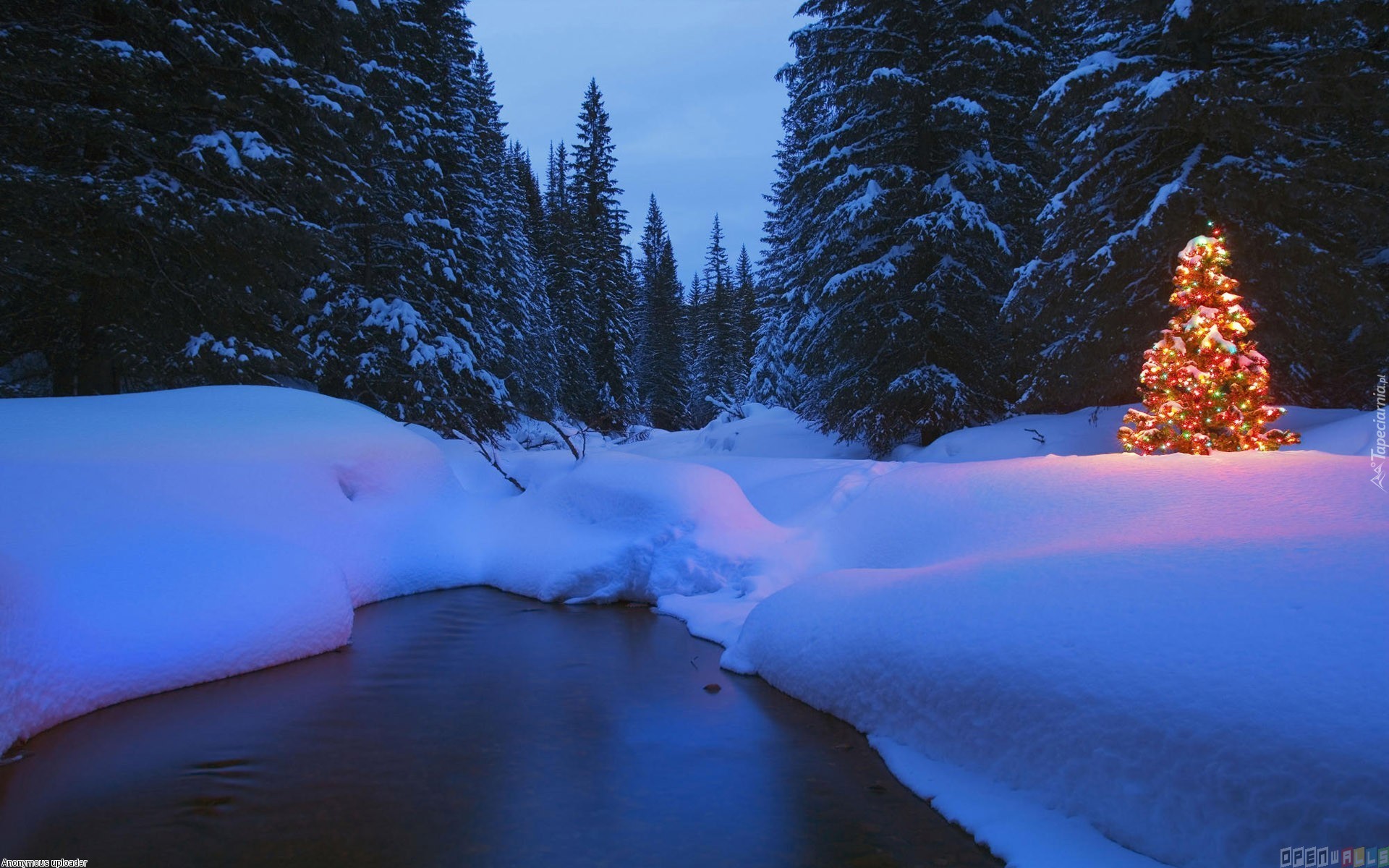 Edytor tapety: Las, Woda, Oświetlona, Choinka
...
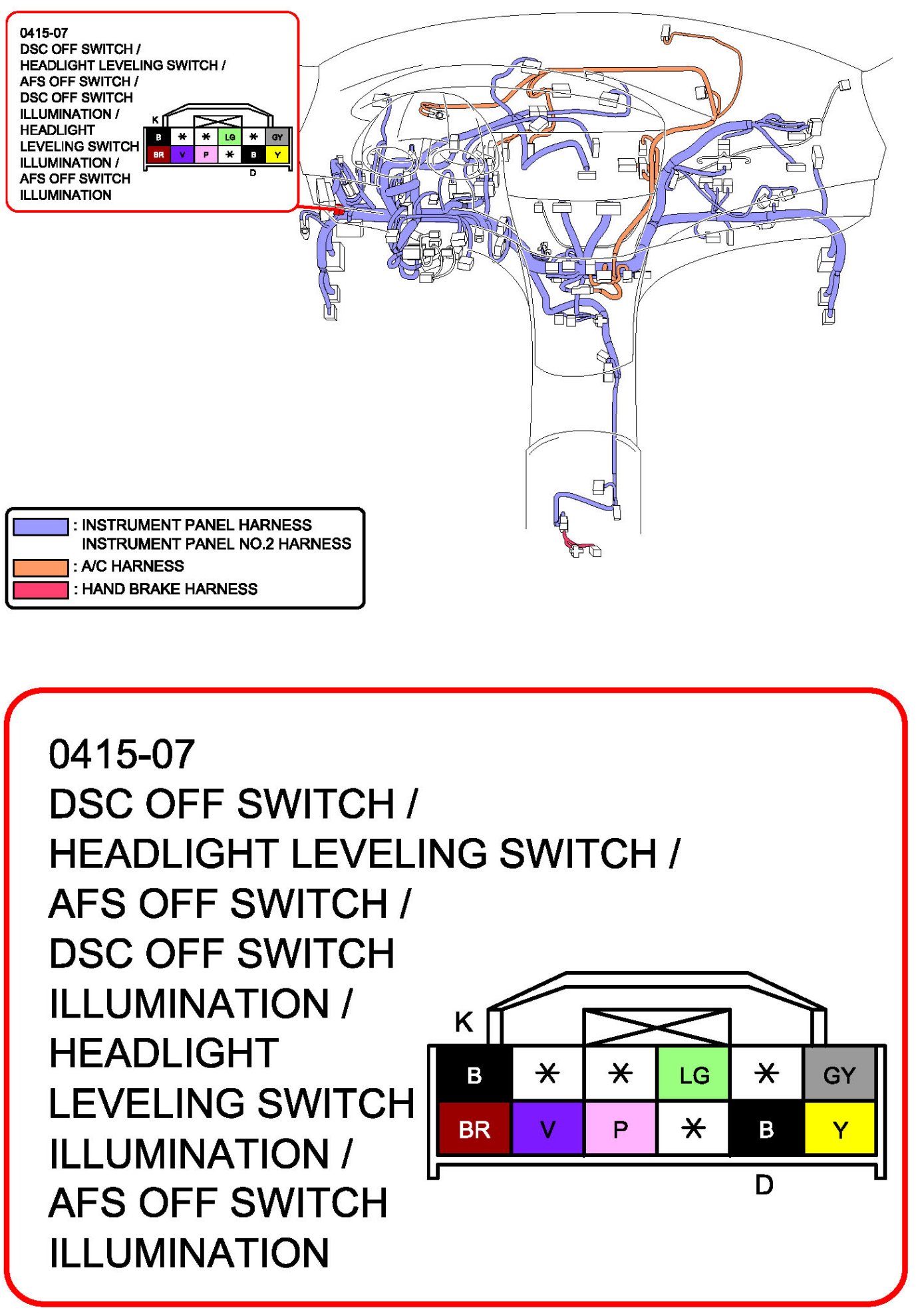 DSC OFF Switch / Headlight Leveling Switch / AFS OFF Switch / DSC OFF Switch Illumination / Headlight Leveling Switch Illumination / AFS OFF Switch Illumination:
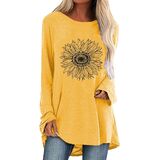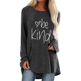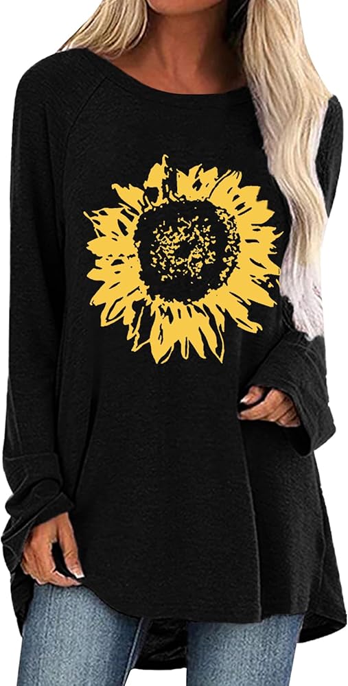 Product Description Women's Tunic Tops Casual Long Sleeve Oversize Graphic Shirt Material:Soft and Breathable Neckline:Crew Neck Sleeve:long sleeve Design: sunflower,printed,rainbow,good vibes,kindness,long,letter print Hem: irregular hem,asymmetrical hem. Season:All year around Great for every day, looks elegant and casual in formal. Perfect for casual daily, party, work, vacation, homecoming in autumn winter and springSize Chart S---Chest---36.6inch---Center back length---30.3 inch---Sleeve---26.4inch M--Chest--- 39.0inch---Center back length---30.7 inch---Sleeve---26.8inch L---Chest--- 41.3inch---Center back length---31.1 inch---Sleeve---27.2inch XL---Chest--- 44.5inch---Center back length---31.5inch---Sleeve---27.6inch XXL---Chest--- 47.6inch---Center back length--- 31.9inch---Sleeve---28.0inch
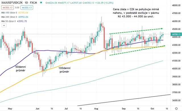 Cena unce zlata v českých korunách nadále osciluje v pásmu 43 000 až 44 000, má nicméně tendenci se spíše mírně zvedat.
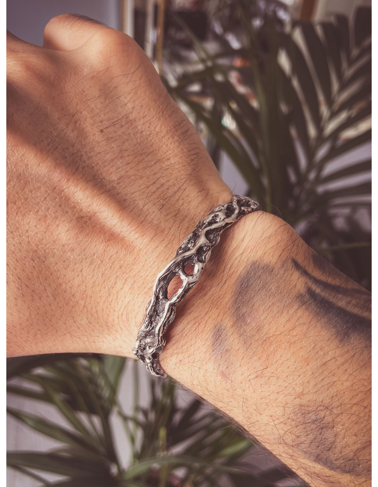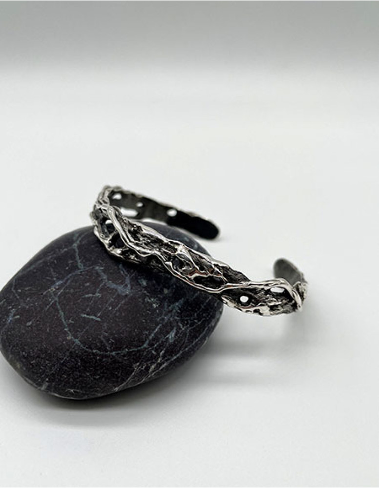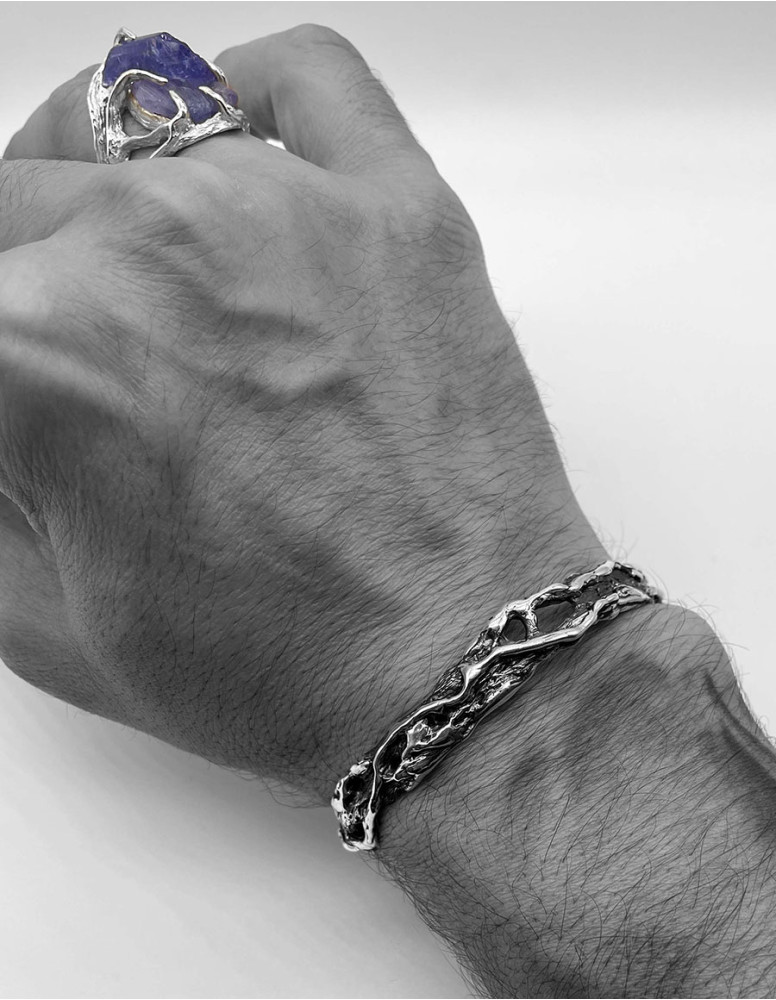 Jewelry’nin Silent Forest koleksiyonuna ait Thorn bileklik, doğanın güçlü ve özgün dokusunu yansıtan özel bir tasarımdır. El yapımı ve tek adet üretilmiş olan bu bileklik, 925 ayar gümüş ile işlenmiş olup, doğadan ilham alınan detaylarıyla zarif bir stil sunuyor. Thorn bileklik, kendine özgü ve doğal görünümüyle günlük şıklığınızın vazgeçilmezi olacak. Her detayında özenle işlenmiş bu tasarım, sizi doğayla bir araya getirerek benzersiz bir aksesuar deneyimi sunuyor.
* * *
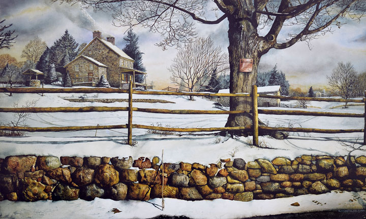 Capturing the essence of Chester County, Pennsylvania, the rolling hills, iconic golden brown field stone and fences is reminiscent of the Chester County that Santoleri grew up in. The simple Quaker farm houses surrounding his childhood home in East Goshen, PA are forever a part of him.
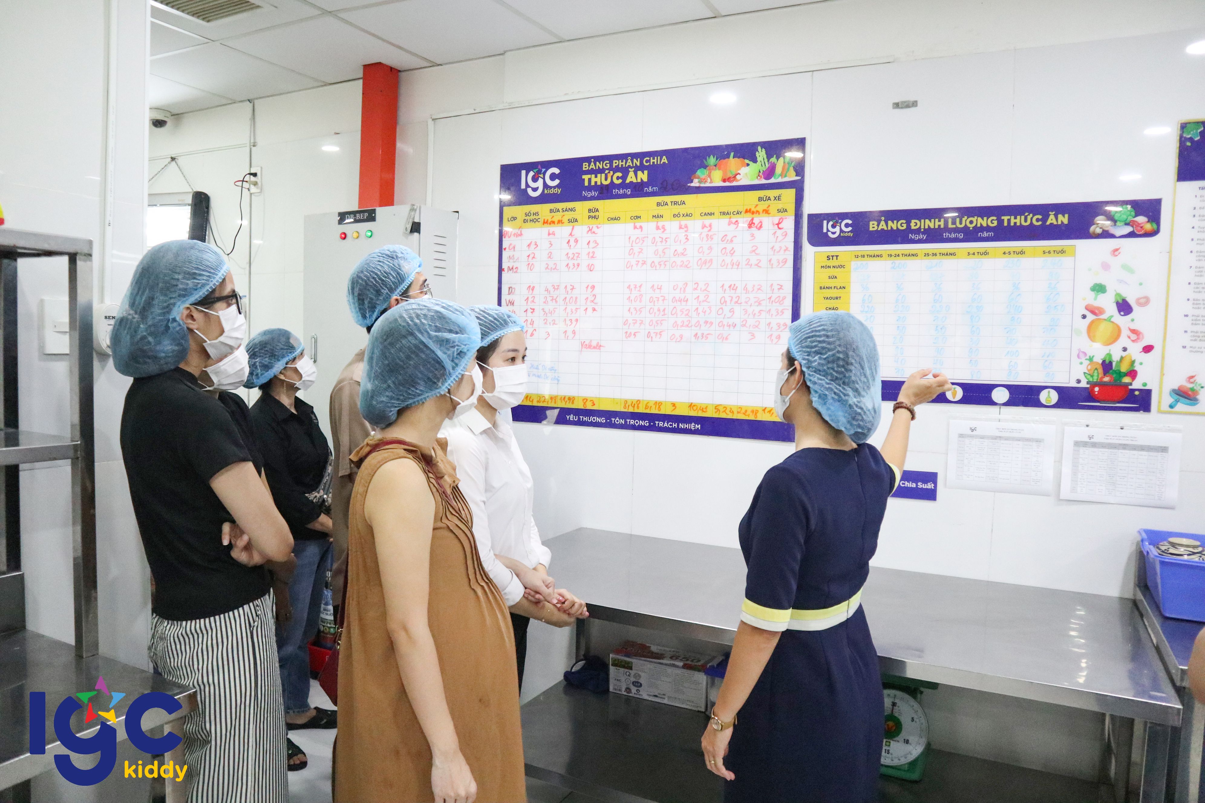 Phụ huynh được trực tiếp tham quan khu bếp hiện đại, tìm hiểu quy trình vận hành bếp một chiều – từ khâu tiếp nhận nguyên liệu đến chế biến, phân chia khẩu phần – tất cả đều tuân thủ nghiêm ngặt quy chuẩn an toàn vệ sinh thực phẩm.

# Assignment
What you write must match the listing exactly, from the line with "Capturing the essence" up to and including the line with "Phụ huynh được". Pictures stay out.

# Written response
 Capturing the essence of Chester County, Pennsylvania, the rolling hills, iconic golden brown field stone and fences is reminiscent of the Chester County that Santoleri grew up in. The simple Quaker farm houses surrounding his childhood home in East Goshen, PA are forever a part of him.
 Phụ huynh được trực tiếp tham quan khu bếp hiện đại, tìm hiểu quy trình vận hành bếp một chiều – từ khâu tiếp nhận nguyên liệu đến chế biến, phân chia khẩu phần – tất cả đều tuân thủ nghiêm ngặt quy chuẩn an toàn vệ sinh thực phẩm.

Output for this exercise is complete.